▸ **Work instructions**:
Output exactly the lines below from the one containing "[강원도민일보] 강릉커피축제 '글로벌 육성 전략 모색' 전문가 회의" to the last line, both included. Omit pictures.
..............................
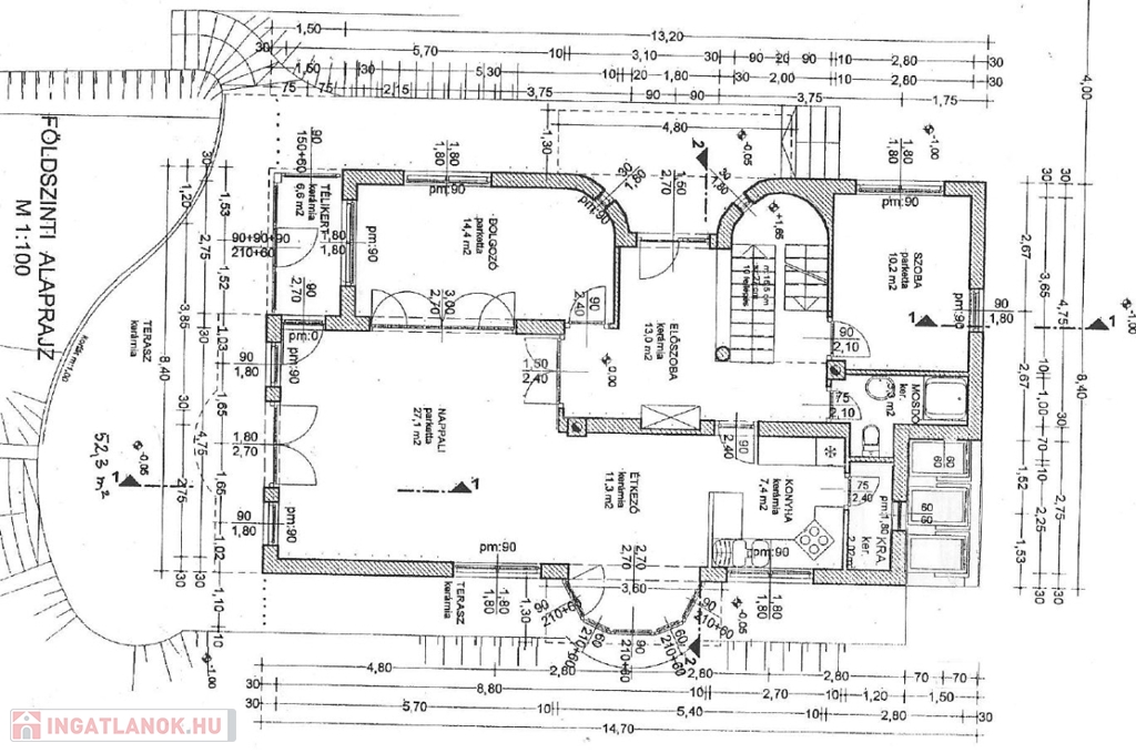 Méretek, tájolás, elrendezés az alaprajzokon látható.
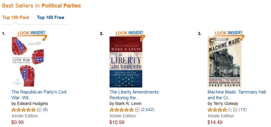 Over the past severn days, during a crowd-sourced marketing campaign, the book rocketed up over 377,000 notches in the Amazon charts to lodge at #1 in the Kindle national bestseller list in "Political Parties," edging out titles by Ann Coulter, Mark Levin, Bob Woodward, Glenn Greenwald, and Charlie Crist. The book is hovering between the number 1 and 2 slots and also landed as #2 in the "Political Philosophy" category, right next to #1: Atlas Shrugged. It also has held the #2 slot in the "all books" "Political Parties" category, which includes hardbacks, paperbacks, audiobooks, and Kindle books. The purpose of the campaign is to increase the visibility and "discoverability" of the book within the crowded Amazon marketplace which offers over 2 million Kindle books.
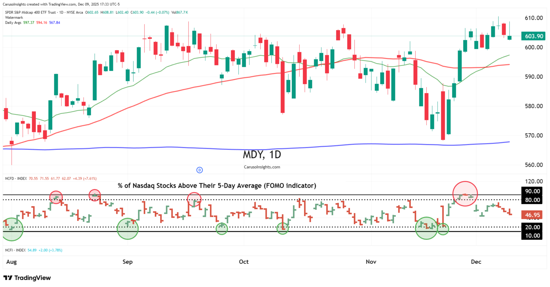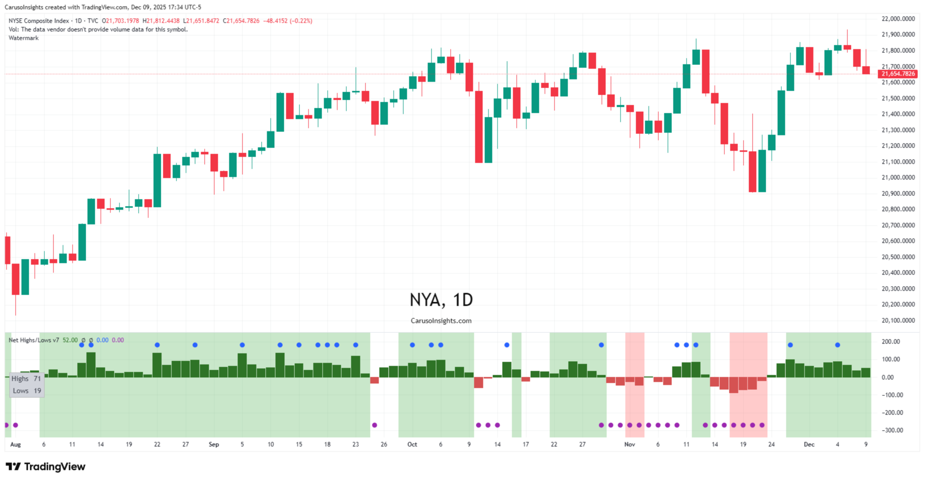 Net highs picked up their pace again as FOMO improved,d but still sits well below the 67% level. This continued improvement and stability have shifted our ideal exposure from 30–70% up to 50–90%. The fact that the AGI Pro strategies remain below that range is a sign we need to pick up our pace as soon as possible.
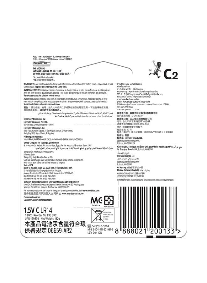 generic - Energizer Max Alkaline C Batteries – Pack of 2 Multicolour
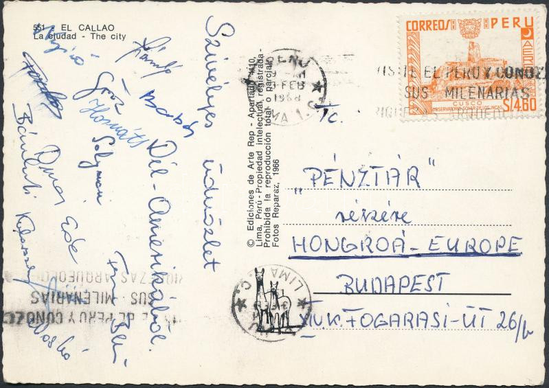 Leírás: 1968 Az Újpest labdarúgóinak (Bánkuti, Nyírő, Dunai, Noskó, Zámbó és mások) aláírásai Peruból küldött levelezőlapon
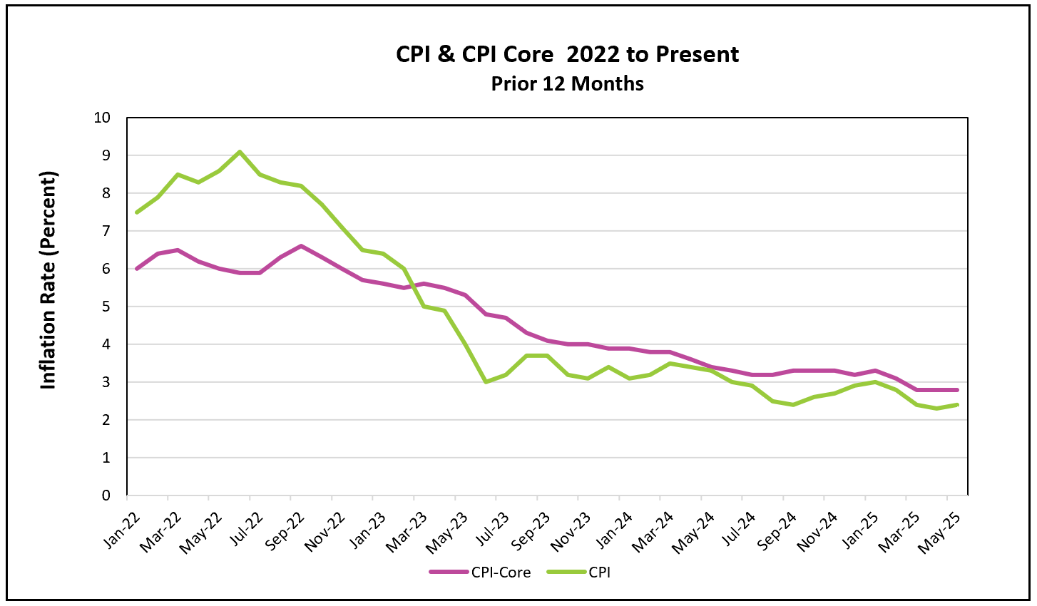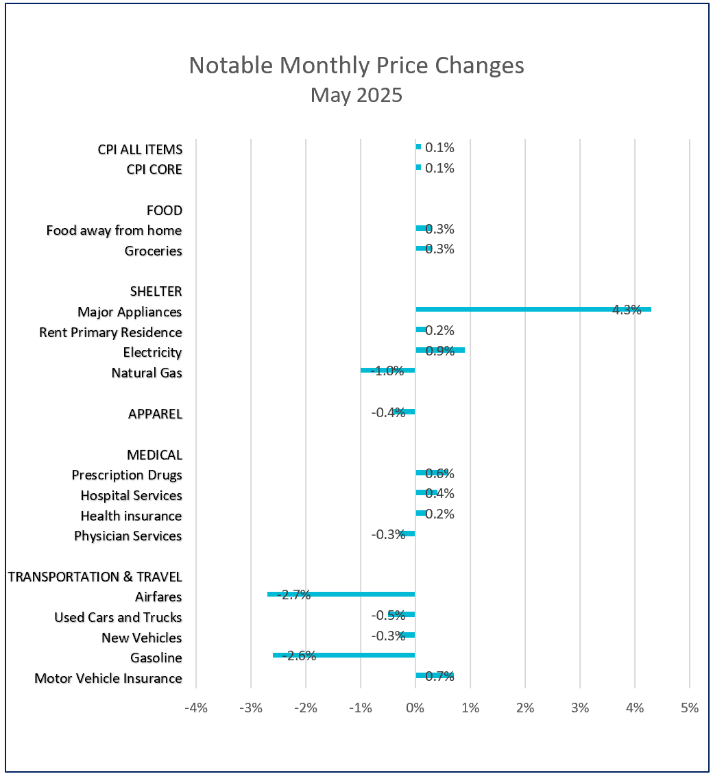 May’s inflation data brought a mixed message for policymakers and consumers. Headline inflation cooled slightly, with monthly price increases falling from 0.2% in April to 0.1% in May. Despite the moderation, the all-items 12-month inflation rate edged up due to the rising prices of groceries and some imported goods. These increases were partly counterbalanced by falling gasoline prices and a continued decline in shelter costs. Notably, the core CPI, which excludes volatile food and energy prices, rose 2.8% over the past year—unchanged for the third month in a row, suggesting underlying price pressures are stable but still elevated.
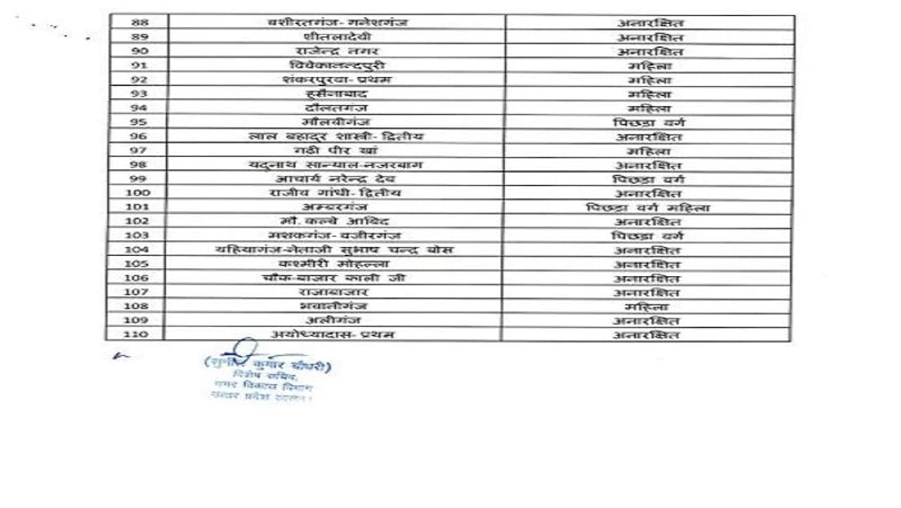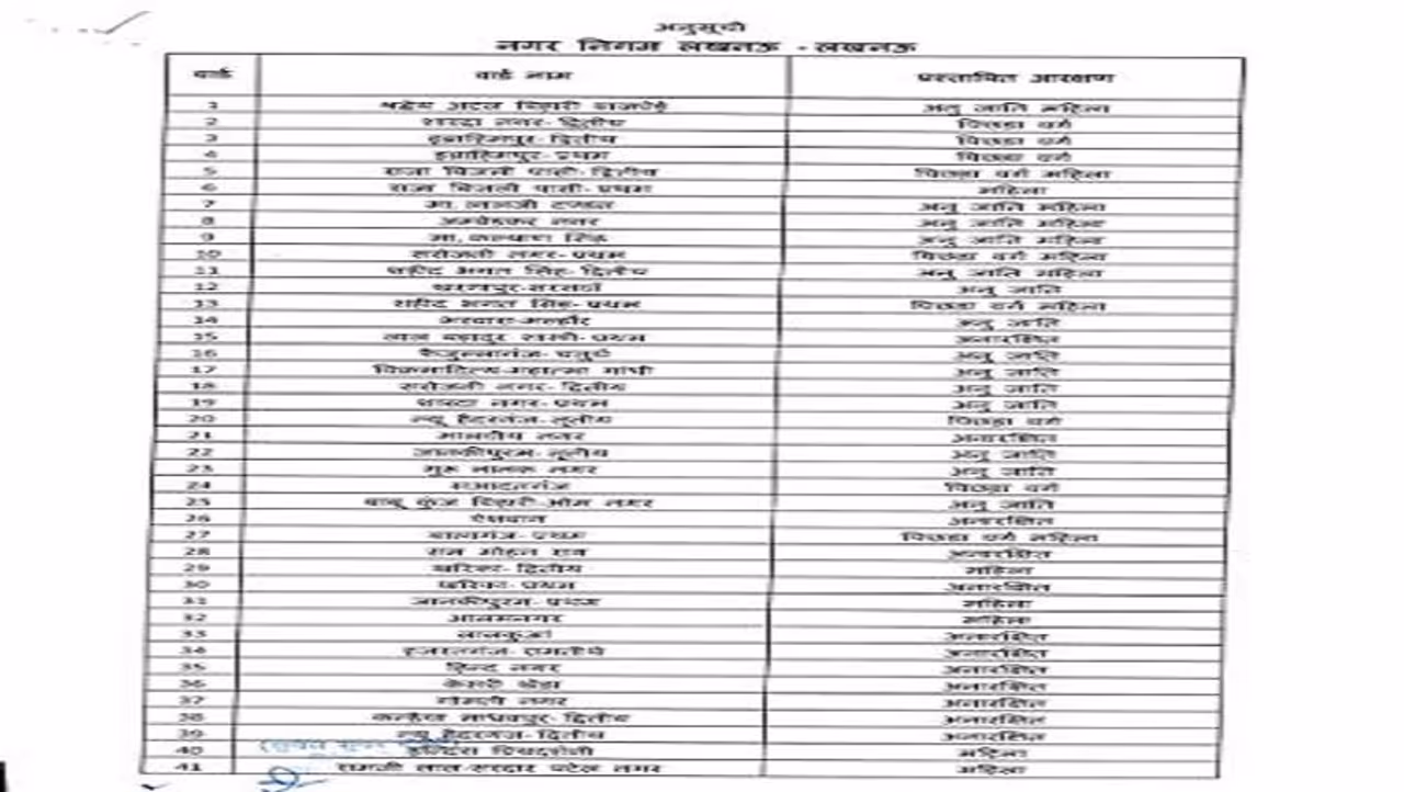 प्रमुख सचिव अमृत अभिजात ने स्पष्ट निर्देश जारी किया है कि 7 दिन के अंदर जिनकी आपत्तियां जिलाधिकारी कार्यालय में आएगी। उनका ही निस्तारण किया जाएगा। महिलाओं के लिए कुल 36 सीटें आरक्षित की गई हैं। जिसमें से सामान्य महिला की कुल सट 24 हैं, ओबीसी महिला की कुल सीट छह हैं और एससी महिला की कुल छह सीटें निर्धारित की गई है। बता दें कि लखनऊ नगर निगम में महापौर की सीट साल 2017 में महिला की आरक्षित थी।
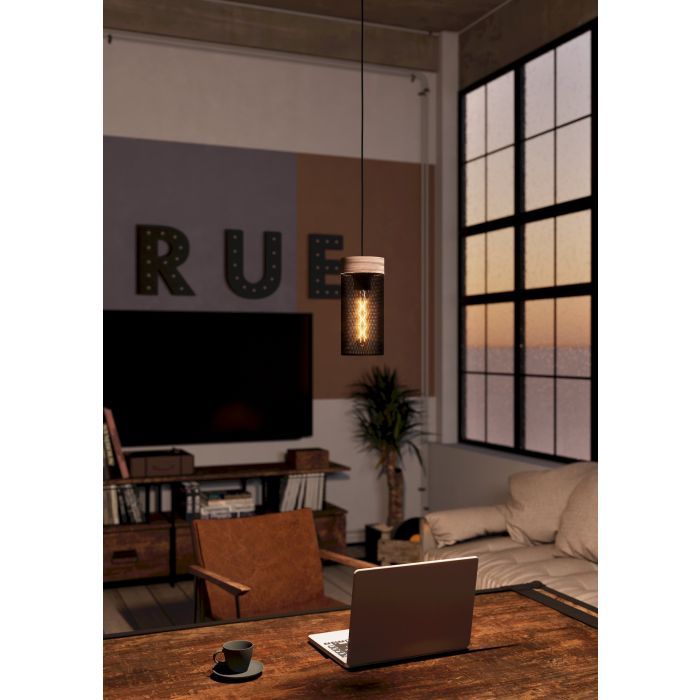 Φωτιστικό Κρεμαστό Μονόφωτο Ø110xH1100 mm 1xE27 Ξύλο-Μαύρο Ατσάλι Eglo Kilnsdale 43833
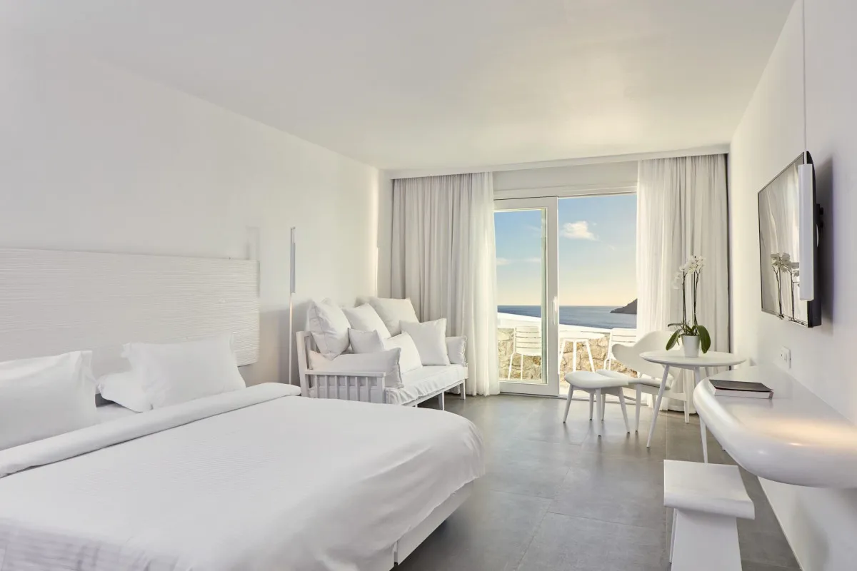 35 м2, балкон или терраса с джакузи или бассейном, вид на море. Одна кровать king-size или две односпальные, гостиная зона с диваном. Максимальное количество гостей: 3 взрослых или 2 взрослых и 2 ребенка до 12 лет.Premium Room
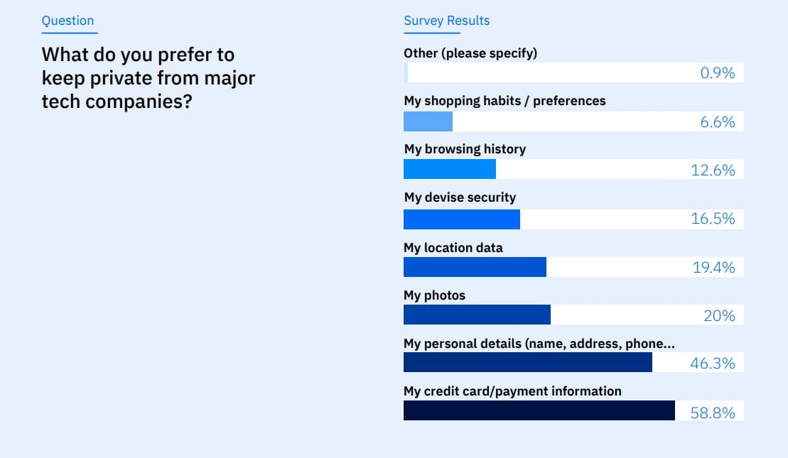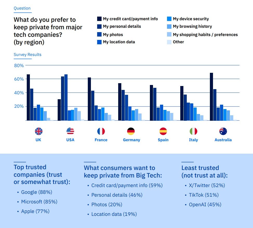 După cum arată raportul nostru, chiar și atunci când există încredere, aceasta nu se extinde la datele financiare și personale sensibile. Majoritatea consumatorilor trasează linia la partajarea informațiilor financiare, iar 59% spun că doresc să își țină datele cardurilor și ale plăților departe de marile companii tehnologice. Unul din cinci vrea, de asemenea, să își protejeze fotografiile (20%) și datele de localizare (19%).
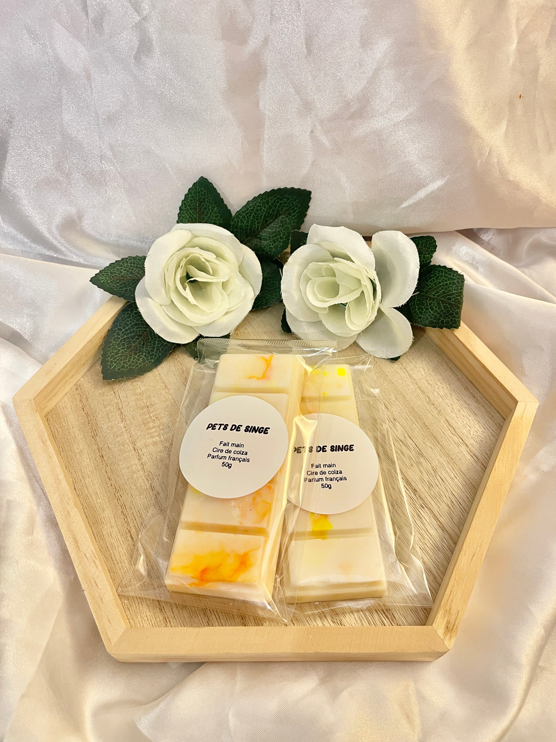 Découvrez nos fondants parfumés senteur Pets de singe. Il vous rappellera ce doux parfum exotique, et transformera votre maison en un espace de souvenir, apaisant et relaxant.
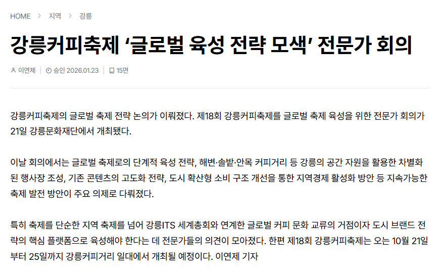 [강원도민일보] 강릉커피축제 '글로벌 육성 전략 모색' 전문가 회의
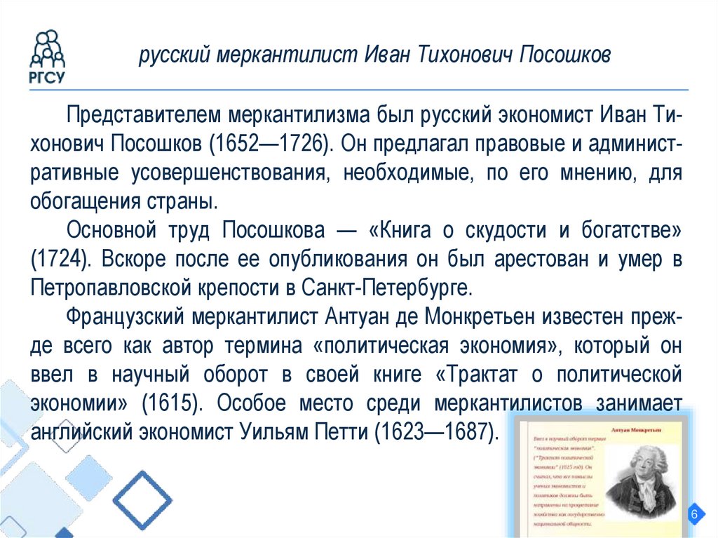 русский меркантилист Иван Тихонович ПосошковПредставителем меркантилизма был русский экономист Иван Тихонович Посошков (1652—1726). Он предлагал правовые и административные усовершенствования, необходимые, по его мнению, для
..............................
▸ **Answer below**:
 [강원도민일보] 강릉커피축제 '글로벌 육성 전략 모색' 전문가 회의
 русский меркантилист Иван Тихонович ПосошковПредставителем меркантилизма был русский экономист Иван Тихонович Посошков (1652—1726). Он предлагал правовые и административные усовершенствования, необходимые, по его мнению, для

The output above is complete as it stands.